My copy came on two floppies in an envelope sealed with one of those agreements that is quite possibly invalid in this country, saying that breaking the seal means you accept the licence (pet peeve number three). So I sliced open the top of the envelope, leaving the seal intact, and removed the floppies. The data on these disks had to be untarred, glued together, uncompressed and untarred again. This gave a standard Solaris 2 package which pkgadd installed without a hiccough. The installation asked what userid is to be dedicated to Post.Office and some more guidance on setting up this pseudo-user would have been useful. I chose the suggested id “mta”, but had to decide myself details like the shell and home directory. I'd like to think they were irrelevant, but with an eye on security, I set the home directory to be /tmp and the shell to be /bin/false . The installation also offered to create Post.Office mail accounts corresponding to each of the UNIX users.

The installation revealed the only bug I found in the system. The file sendmail in /usr/bin is backed up to sendmail.bak and replaced with a symbolic link to the Post.Office binary. The start up scripts for Post.Office are placed in /etc/init.d with the correct links set up from the rc?.d directories. However, the sendmail start up scripts are not removed. These test for the existence of /usr/lib/sendmail and, by resolving the link, find a file so they try to start it with sendmail arguments. Meanwhile, when Post.Office tries to start up, it finds a mail system already running. I suggest clearing out sendmail and its start up scripts prior to installing Post.Office. After this modification, the installation works fine.

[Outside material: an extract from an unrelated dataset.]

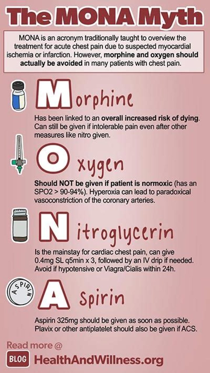 Morphine, oxygen, nitrates, and aspirin — collectively known as MONA — are no longer the preferred door prizes for chest pain patients entering the emergency cardiac care system. Of course, morphine and oxygen still have a limited role in acute coronary syndromes.Click to see full answer. Besides, what is Mona for chest pain?To the Editor: The mnemonic, MONA, which stands for morphine, oxygen, nitroglycerin, and aspirin, is used to recall the initial man- agement of patients with chest pain (ie, suspected acute cor- onary syndrome). However, in the era of evidenced-based medicine, a review of this mnemonic is needed (Fig. 1).Subsequently, question is, do you give aspirin or nitroglycerin first? Chew and swallow an aspirin, unless you are allergic to aspirin or have been told by your doctor never to take aspirin. Take nitroglycerin, if prescribed. If you think you’re having a heart attack and your doctor has previously prescribed nitroglycerin for you, take it as directed. Similarly one may ask, do you give oxygen for chest pain? Supplemental oxygen (O2) therapy in patients with chest pain has been a cornerstone in the treatment of suspected myocardial infarction (MI). More studies are needed in discussing hemodynamically unstable STEMI patients, as well as patients with non-STEMI, unstable angina and other emergency conditions.Can acute coronary syndrome be cured?Aspirin helps to prevent platelets from forming clots and helps to reduce the risk of a second heart attack by around 22 percent. With lifestyle changes and the right medication, it is possible to prevent acute coronary syndrome or to treat it and lead a normal life.

It's a decent product. I would consider it quite suitable for small and medium sized companies where creation of user accounts is done on individual request to the admin. It has been carefully designed to avoid as hard a learning curve as comes with sendmail and the company system administrator should have no problem running it. The manual has been well designed and integrated into the product and contains enough information on e-mail, beyond the installation and use of Post.Office, to be all that the system administrator needs to run the product.

Bob Dowling has just finished eight months hard labour as a postmaster and mail system administrator. He has now joyfully returned to his original job as UNIX system troubleshooter in the University of Cambridge's Computing Service.